**INPUT DATA:**
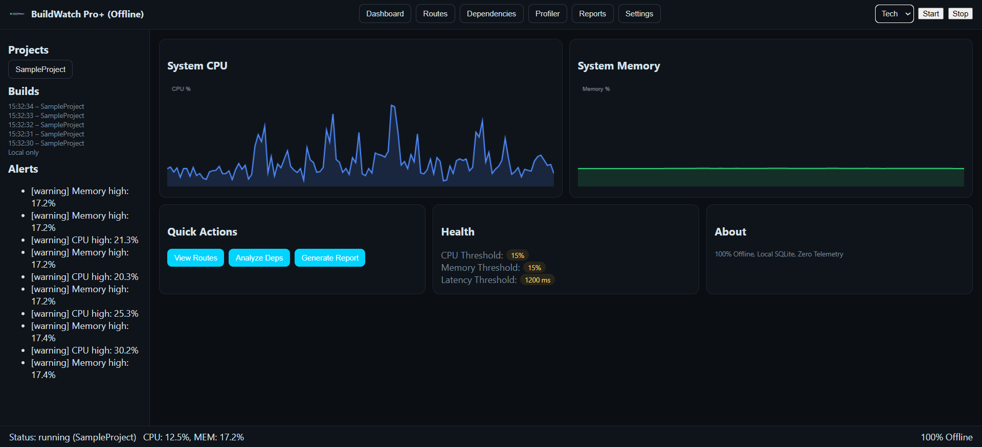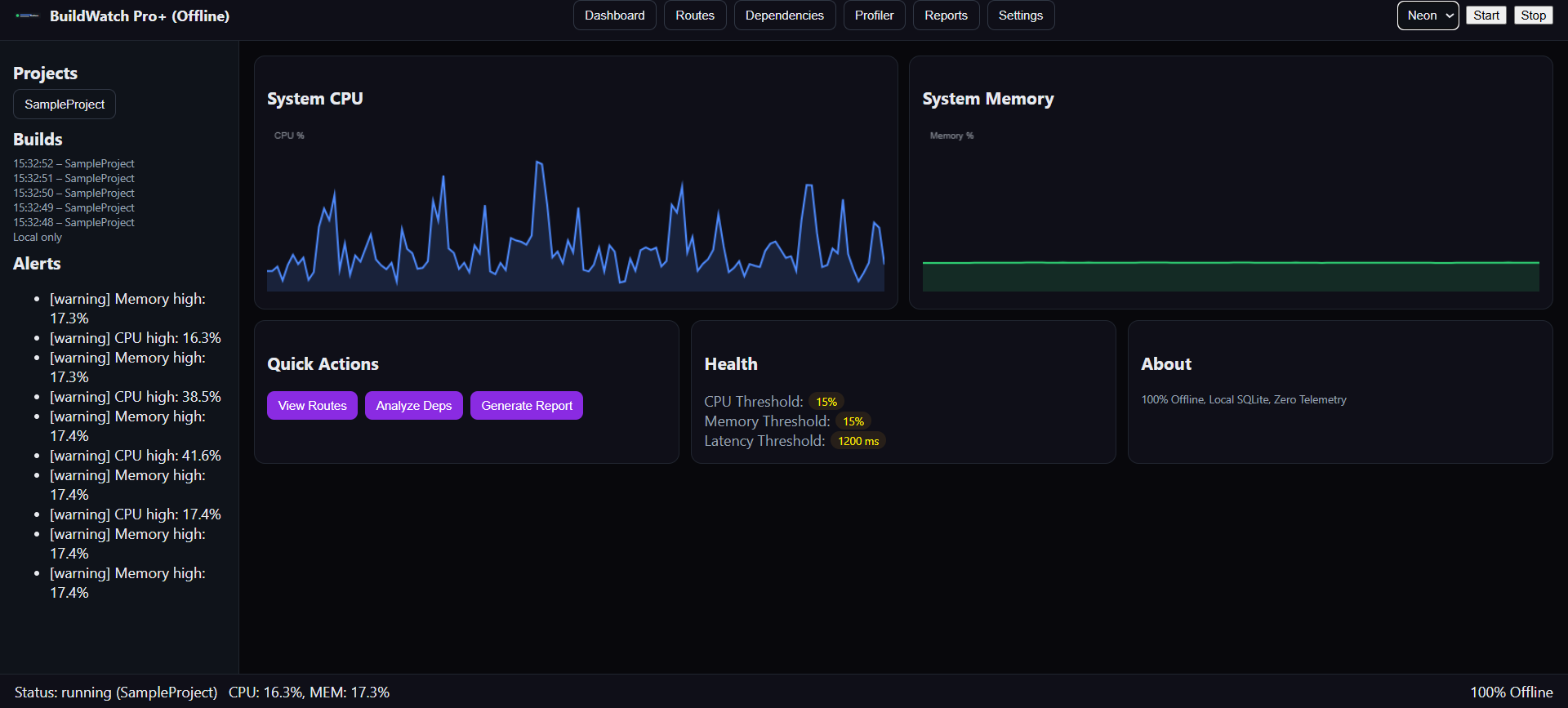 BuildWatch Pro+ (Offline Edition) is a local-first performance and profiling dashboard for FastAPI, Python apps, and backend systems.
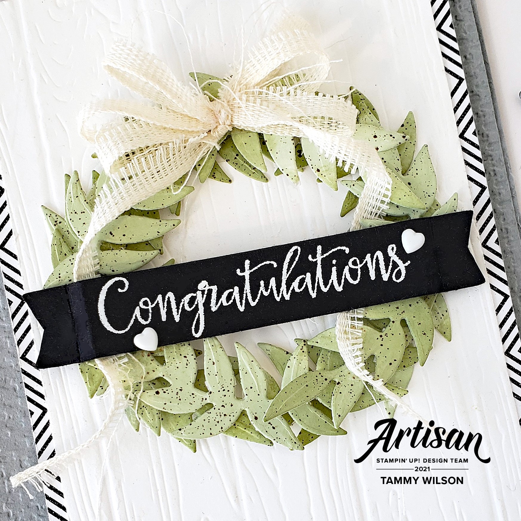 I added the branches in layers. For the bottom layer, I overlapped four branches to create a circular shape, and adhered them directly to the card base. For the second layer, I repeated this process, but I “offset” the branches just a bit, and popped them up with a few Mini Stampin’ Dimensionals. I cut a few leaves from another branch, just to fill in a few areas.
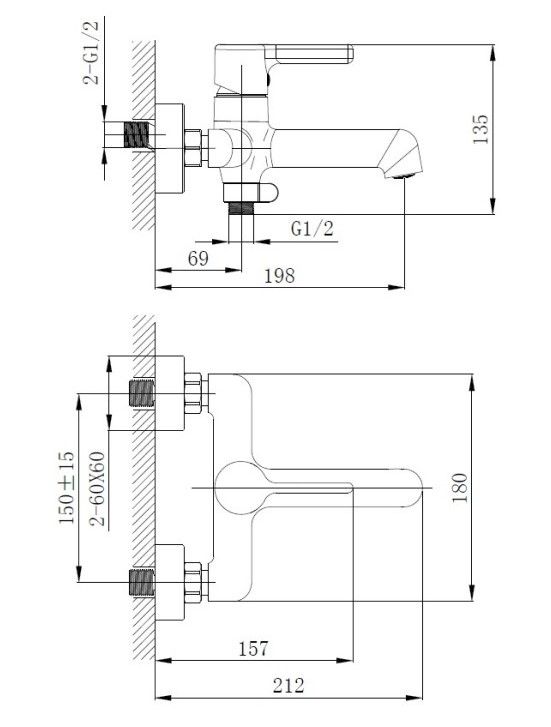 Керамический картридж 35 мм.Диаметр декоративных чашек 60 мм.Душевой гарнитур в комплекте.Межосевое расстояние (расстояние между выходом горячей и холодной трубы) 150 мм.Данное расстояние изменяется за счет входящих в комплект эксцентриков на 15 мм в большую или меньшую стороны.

---

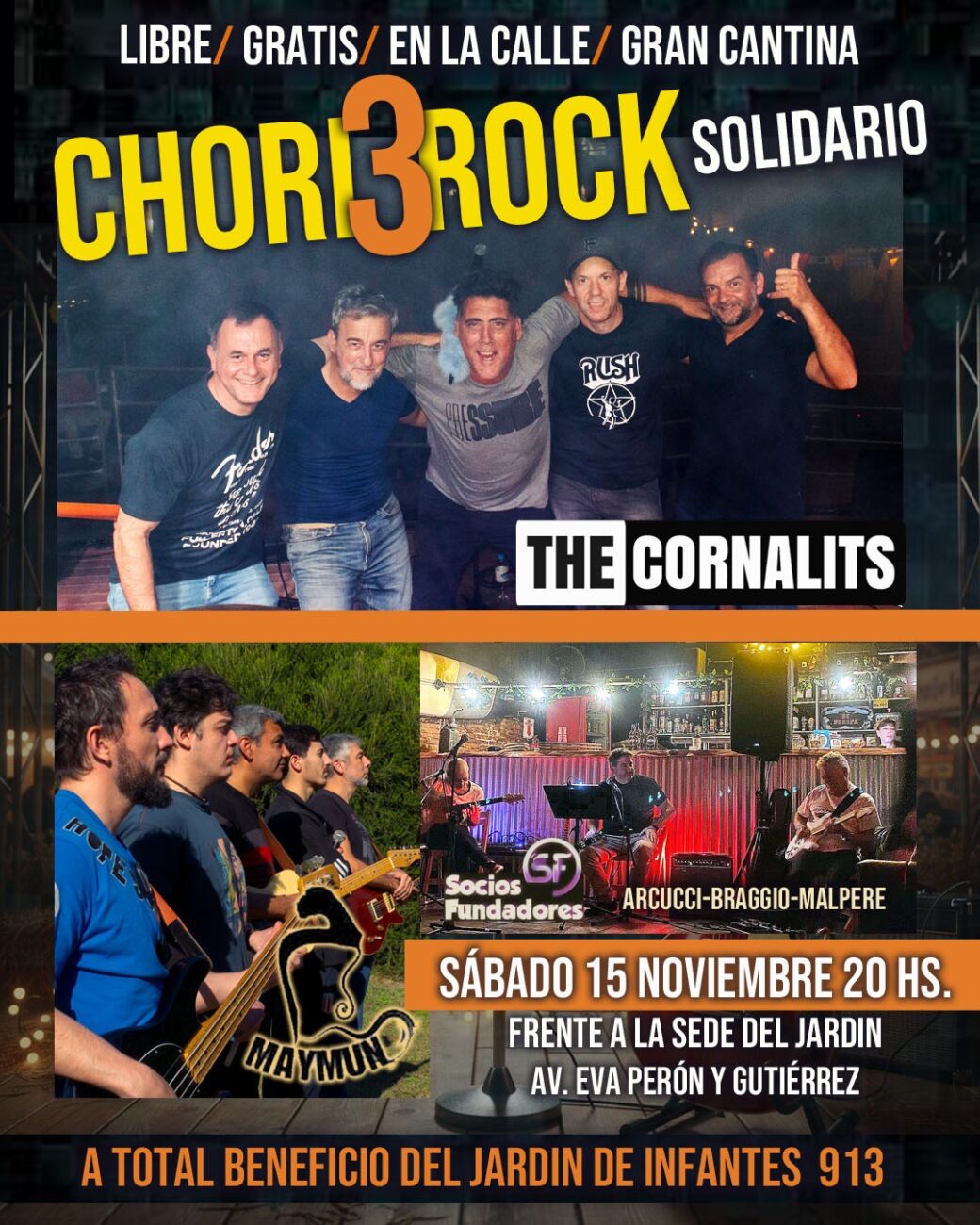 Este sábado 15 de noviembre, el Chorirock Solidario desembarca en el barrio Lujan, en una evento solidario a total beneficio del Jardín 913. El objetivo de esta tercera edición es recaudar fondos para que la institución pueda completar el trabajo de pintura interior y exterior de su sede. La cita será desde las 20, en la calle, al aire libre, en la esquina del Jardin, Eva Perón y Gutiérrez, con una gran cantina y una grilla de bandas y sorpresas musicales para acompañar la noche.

* * *

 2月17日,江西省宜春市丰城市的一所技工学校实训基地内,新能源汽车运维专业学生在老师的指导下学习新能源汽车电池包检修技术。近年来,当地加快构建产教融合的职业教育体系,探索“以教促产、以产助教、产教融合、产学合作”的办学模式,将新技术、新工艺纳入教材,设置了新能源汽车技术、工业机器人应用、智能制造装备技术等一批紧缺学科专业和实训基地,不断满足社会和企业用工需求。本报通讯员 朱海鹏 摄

**TO DO:**
Take the entries above and copy exactly the lines starting at the one with "I added the" and ending at the one with "Керамический картридж 35"; nothing outside that span, and no pictures.

**YOUR RESPONSE:**
 I added the branches in layers. For the bottom layer, I overlapped four branches to create a circular shape, and adhered them directly to the card base. For the second layer, I repeated this process, but I “offset” the branches just a bit, and popped them up with a few Mini Stampin’ Dimensionals. I cut a few leaves from another branch, just to fill in a few areas.
 Керамический картридж 35 мм.Диаметр декоративных чашек 60 мм.Душевой гарнитур в комплекте.Межосевое расстояние (расстояние между выходом горячей и холодной трубы) 150 мм.Данное расстояние изменяется за счет входящих в комплект эксцентриков на 15 мм в большую или меньшую стороны.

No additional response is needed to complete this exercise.